--- Exercise ---
Only these lines, please: the first one of the records through the one containing "Am cerut un", retyped exactly, both ends included and pictures omitted.

(Records from a collection)

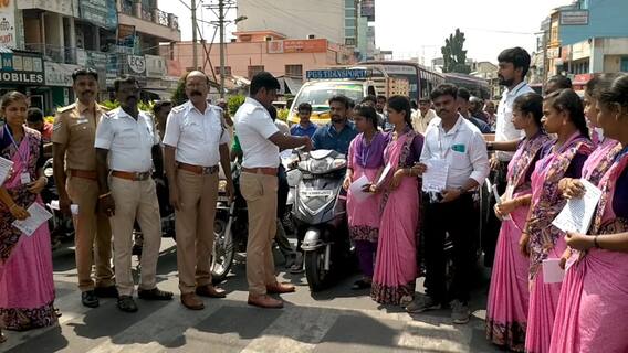 இந்த கூடுதல் சாலை பாதுகாப்பு விதிமுறைகள் நாளை ஜூன் 1 முதல் நாடு முழுவதும் அமல்படுத்தப்பட உள்ளது. இதில் சாலை பாதுகாப்பு விதிமுறையில் 18 வயது ஆகாமல், வாகனம் ஓட்டுபவர்களுக்கும், வாகனம் கொடுப்பவர்களுக்கும் அபராதம். அவர்களின் பெற்றோர்களுக்கும் சிறை தண்டனை வழங்கப்படும் என்ற சட்டம் நாளை முதல் அமலுக்கு வருகிறது. இதனை அடுத்து இன்று தருமபுரி நான்கு ரோடு பகுதியில் தருமபுரி நகர போக்குவரத்து காவல் துறையின் சார்பில் விழிப்புணர்வு மற்றும் எச்சரிக்கை பிரசுரங்கள் இருசக்கர வாகன ஓட்டிகளுக்கு வழங்கி வாகன ஓட்டிகளுக்கு விழிப்புணர்வு ஏற்படுத்தப்பட்டது. இதில் கல்லூரி மாணவிகள், சமூக ஆர்வலர்கள் துண்டறிக்கை களை வழங்கி, விதிமுறைகள் குறித்து தெளிவாக எடுத்துரைத்தனர். இதில் அப்போது 18 வயது ஆகாதவர்கள் வாகனம் ஓட்டினால், அந்த வாகனத்தின் உரிமம் ரத்து செய்யப்படும். அதேபோல் 18 வயதுக்குட்பட்டோர் மோட்டார் வாகனம் ஓட்டினால், வாகனத்தின் உரிமையாளர்களுக்கும் மற்றும் அவர்களின் பெற்றோர்களுக்கு 25 ஆயிரம் ரூபாய் அபராதம் விதிக்கப்படும்.
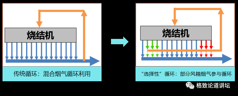具体来说,我们做的事就是研究怎么把烧结机的烟气量降下来。传统的方式就是先把风箱的烟气统一抽出,然后使一部分烟气循环回烧结台车表面,替代一部分空气,实现循环利用,从而减少部分烟气排放。
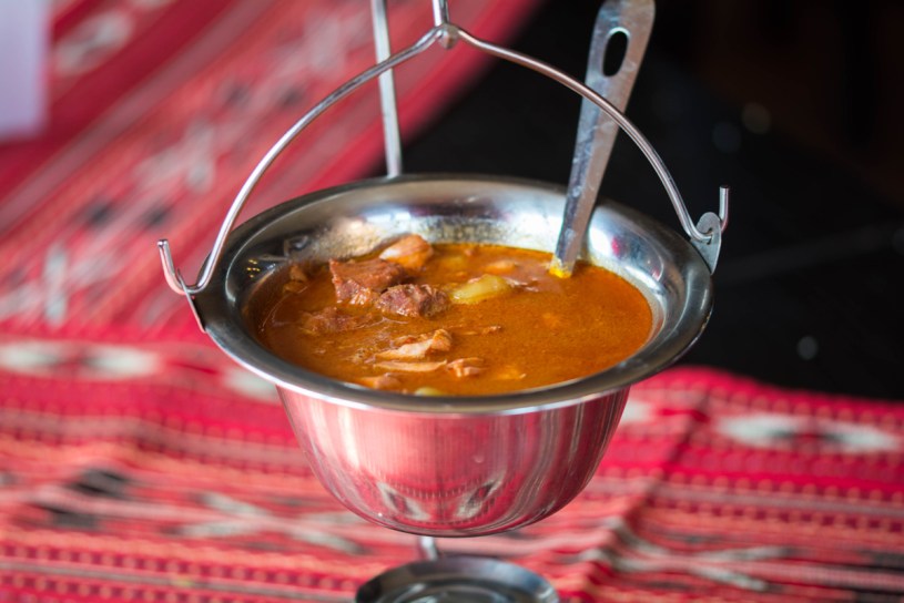 Am cerut un gulyas sau gulaș, o cafea și o apă. Imediat mi-a fost adusă cafeaua și apa. Am mai așteptat puțin și a venit și tradiționalul gulaș, frumos prezentat și servit în ceaun, cu polonic, pe trepied de metal. Servirea impecabilă, ospitalitatea la același nivel, iar atmosfera locului relaxantă. Mi-am pus primul polonic, de gust. Am rămas absolut înmărmurit! Anul trecut am fost în toată Harghita, iar anul acesta în Covasna, dar … asemena arome și mirosuri nu mi-au fost date să le cunosc până la Conacul lu’ Bebe.
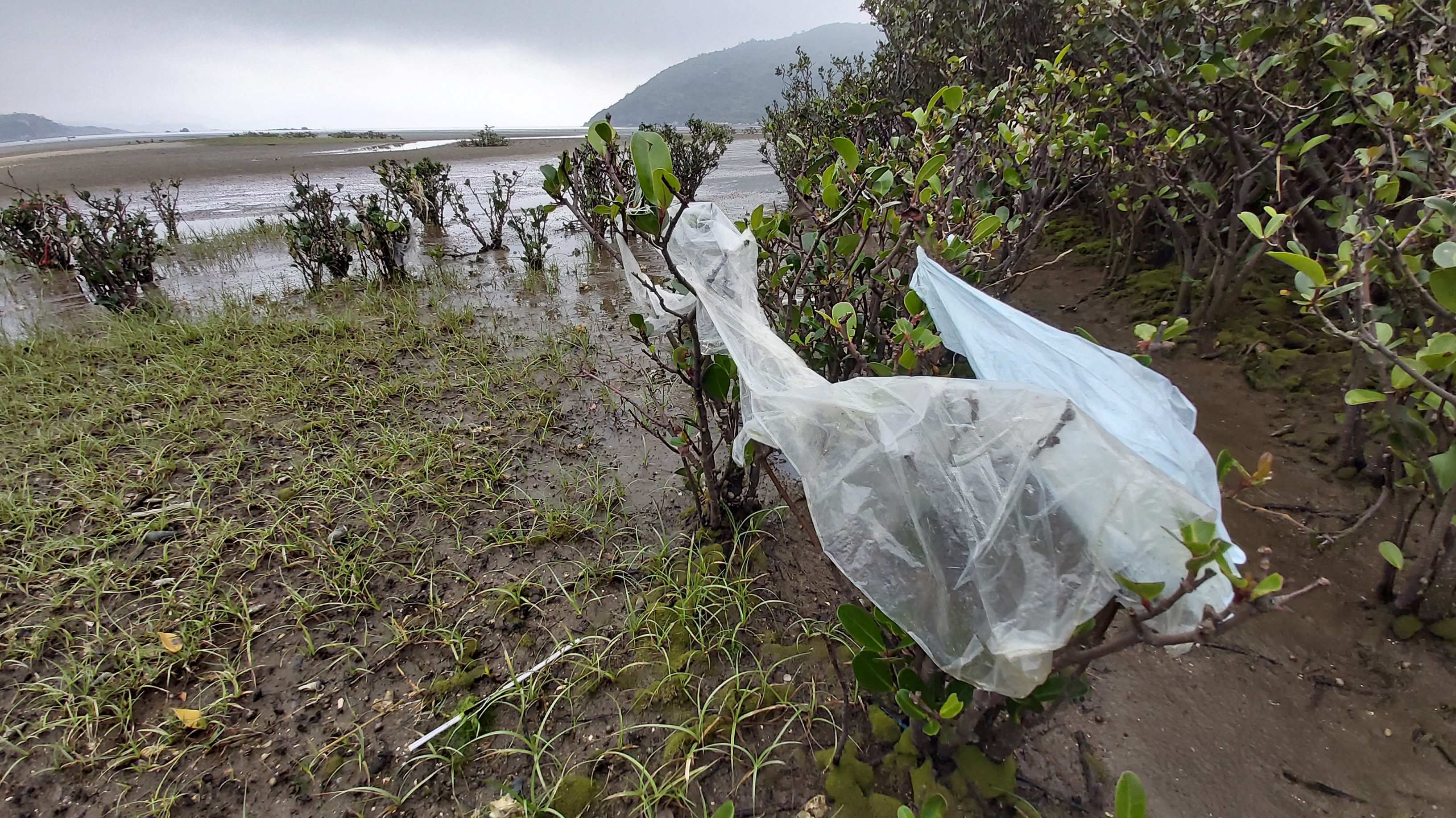 在大嶼山水口淨灘,看到圖中又長又破的膠袋,不禁想:真像披着白袍的索命幽靈,糾纏着死不放手,要奪紅樹的命。這樣令人戰慄的場面,在泥灘不難看到,放到世界各地也毫不稀奇。被纏上的,有時是紅樹、有時是海龜、有時是鯨豚海狗……
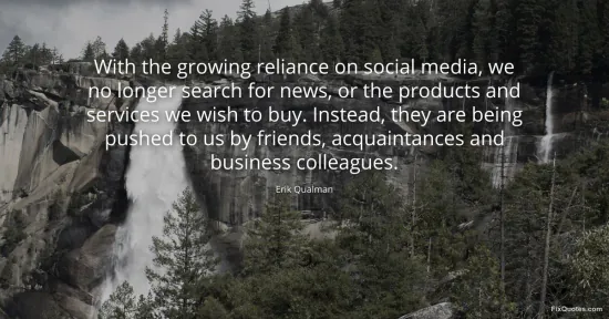 Qualman, Erik. (2026, February 18). With the growing reliance on social media, we no longer search for news, or the products and services we wish to buy. Instead, they are being pushed to us by friends, acquaintances and business colleagues. FixQuotes. https://fixquotes.com/quotes/with-the-growing-reliance-on-social-media-we-no-73087/
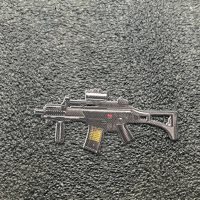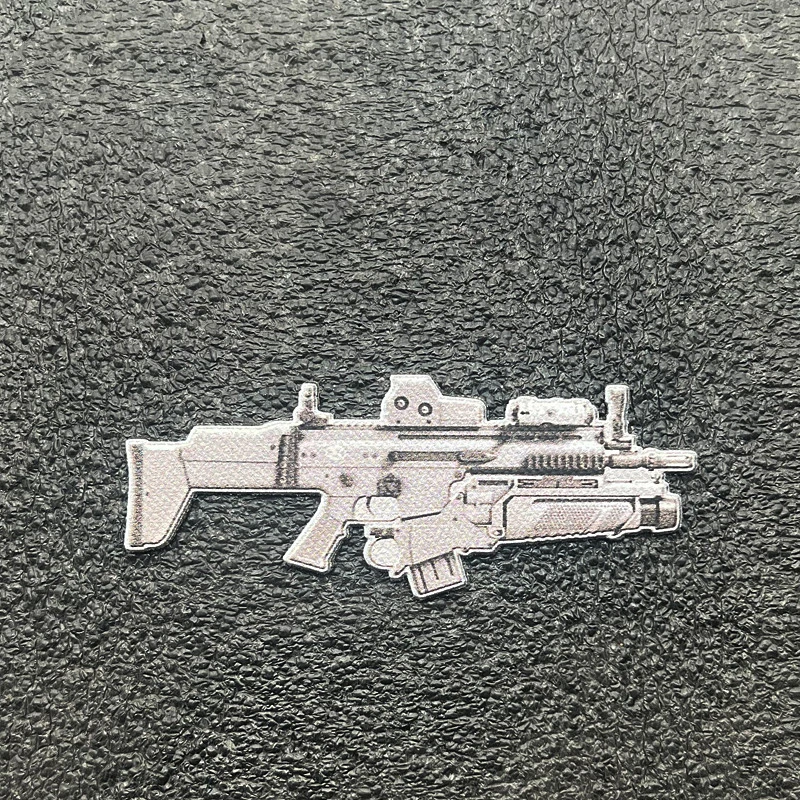 Parches de impresión de armas versión Q, pegatina de decoración de ropa de casco, mochila de capítulo de Rifle, insignia táctica
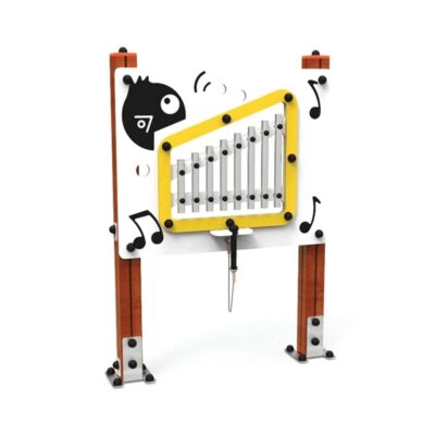 Descripción: Juego lúdico accesible a niños con movilidad reducida, compuesto por 2 postes de aluminio de 90x90mm, panel del juego en HDPE.
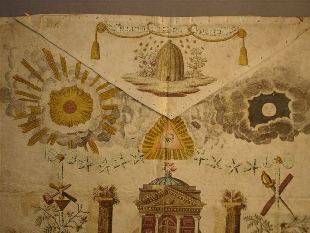 TABLIER de MAÎTRE en peau à décor imprimé et peint. Au centre, sur le pavé mosaïque, un temple entouré de deux colonnes surmontées de grenades éclatées. Les outils maçonniques figurent de part et d'autre avec le fil à plomb. Une guirlande d'étoiles relie le soleil, le Delta centré de l'Oeil et la lune. Sur le faux rabat, une ruche, rameaux fleuris et inscriptions. Sous le faux rabat, figure une mention imprimée: "Deposé à la Bibliothèque Imp.le".
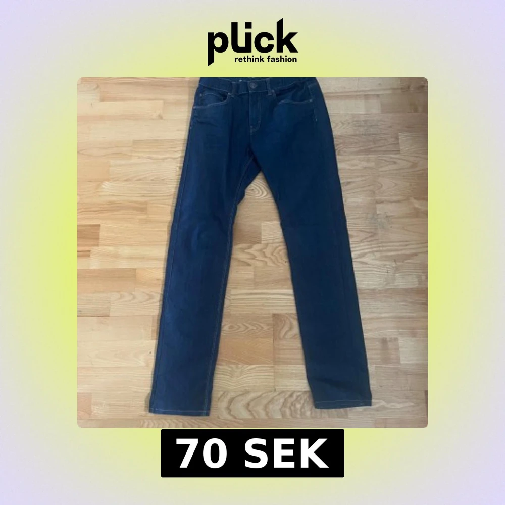 Mörkblå jeans från Lindex i modellen Narrow med smal passform. Klassisk femficksdesign, normalhög midja och raka ben. Snygga kontrastsömmar och stretchigt denimtyg som sitter skönt hela dagen.
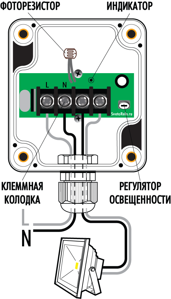 Светочувствительное реле выпускается в герметичном корпусе с присоединением проводов питания и коммутируемых электрических цепей через гермоввод.
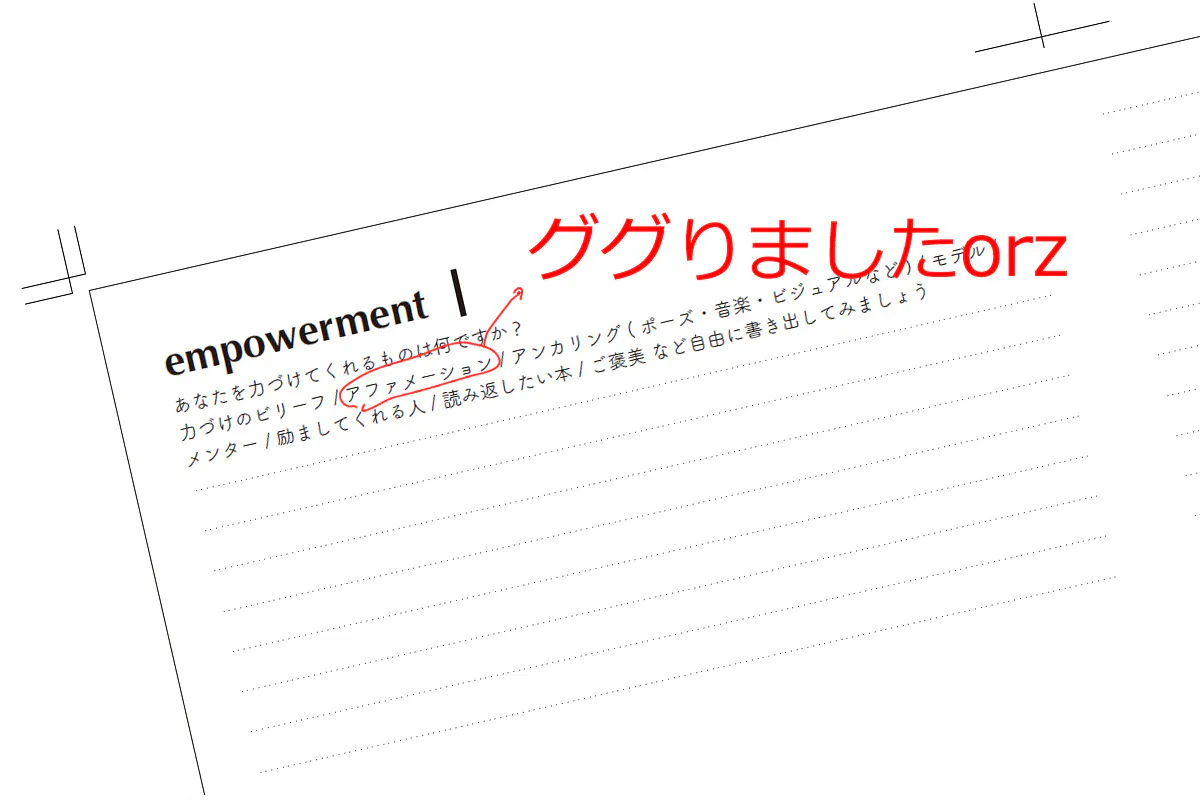 その気づきがあったのは、私の友人のひとりに素の原稿を見てもらったところ、上の写真のように、「アファメーション」や「導出」といった言葉がよくわからないという、フィードバックをいただくことができたからです。
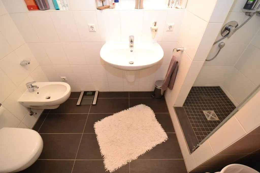 Das raumhoch geflieste Badezimmer ist ausgestattet mit einem Oberlichtfenster, einer Dusche, einem WC, einem Bidet, einem Handtuch-Heizkörper sowie einem Waschmaschinenanschluss.
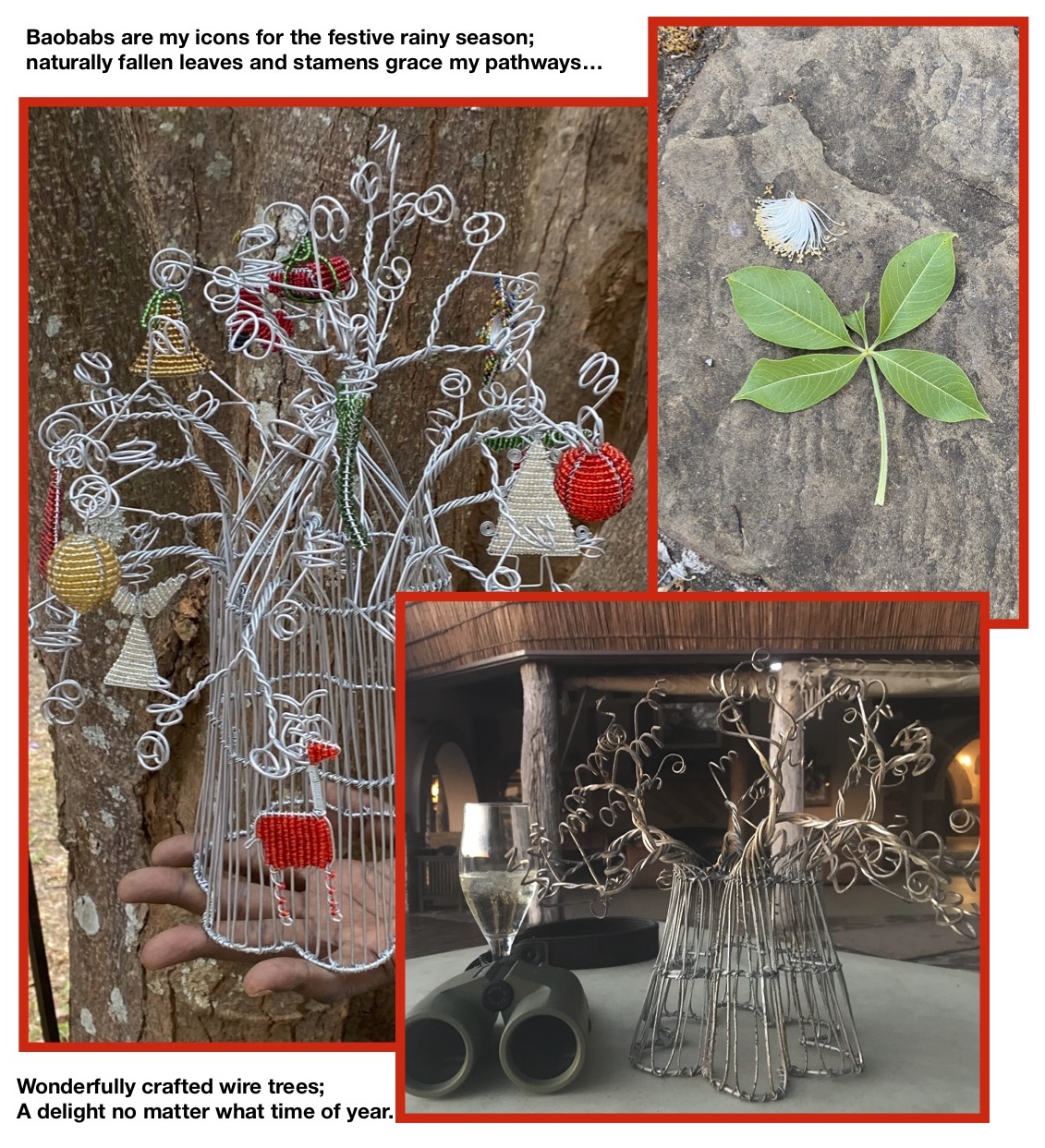 I collect the wonderful wire baobabs that are sold on the side of the road. These wire trees grace my home and many tourism lodges such as Chilo Gorge Safari Lodge, all year round.
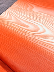 (暖色系のライトでは橙色寄りに、白色のライトでは赤茶色寄りに見えます。)
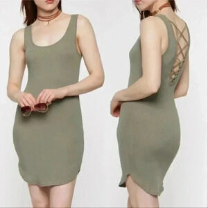 GREEN RIBBED MINI DRESS WITH LACE UP DETAILS ON BACK

--- Task solution ---
 இந்த கூடுதல் சாலை பாதுகாப்பு விதிமுறைகள் நாளை ஜூன் 1 முதல் நாடு முழுவதும் அமல்படுத்தப்பட உள்ளது. இதில் சாலை பாதுகாப்பு விதிமுறையில் 18 வயது ஆகாமல், வாகனம் ஓட்டுபவர்களுக்கும், வாகனம் கொடுப்பவர்களுக்கும் அபராதம். அவர்களின் பெற்றோர்களுக்கும் சிறை தண்டனை வழங்கப்படும் என்ற சட்டம் நாளை முதல் அமலுக்கு வருகிறது. இதனை அடுத்து இன்று தருமபுரி நான்கு ரோடு பகுதியில் தருமபுரி நகர போக்குவரத்து காவல் துறையின் சார்பில் விழிப்புணர்வு மற்றும் எச்சரிக்கை பிரசுரங்கள் இருசக்கர வாகன ஓட்டிகளுக்கு வழங்கி வாகன ஓட்டிகளுக்கு விழிப்புணர்வு ஏற்படுத்தப்பட்டது. இதில் கல்லூரி மாணவிகள், சமூக ஆர்வலர்கள் துண்டறிக்கை களை வழங்கி, விதிமுறைகள் குறித்து தெளிவாக எடுத்துரைத்தனர். இதில் அப்போது 18 வயது ஆகாதவர்கள் வாகனம் ஓட்டினால், அந்த வாகனத்தின் உரிமம் ரத்து செய்யப்படும். அதேபோல் 18 வயதுக்குட்பட்டோர் மோட்டார் வாகனம் ஓட்டினால், வாகனத்தின் உரிமையாளர்களுக்கும் மற்றும் அவர்களின் பெற்றோர்களுக்கு 25 ஆயிரம் ரூபாய் அபராதம் விதிக்கப்படும்.
具体来说,我们做的事就是研究怎么把烧结机的烟气量降下来。传统的方式就是先把风箱的烟气统一抽出,然后使一部分烟气循环回烧结台车表面,替代一部分空气,实现循环利用,从而减少部分烟气排放。
 Am cerut un gulyas sau gulaș, o cafea și o apă. Imediat mi-a fost adusă cafeaua și apa. Am mai așteptat puțin și a venit și tradiționalul gulaș, frumos prezentat și servit în ceaun, cu polonic, pe trepied de metal. Servirea impecabilă, ospitalitatea la același nivel, iar atmosfera locului relaxantă. Mi-am pus primul polonic, de gust. Am rămas absolut înmărmurit! Anul trecut am fost în toată Harghita, iar anul acesta în Covasna, dar … asemena arome și mirosuri nu mi-au fost date să le cunosc până la Conacul lu’ Bebe.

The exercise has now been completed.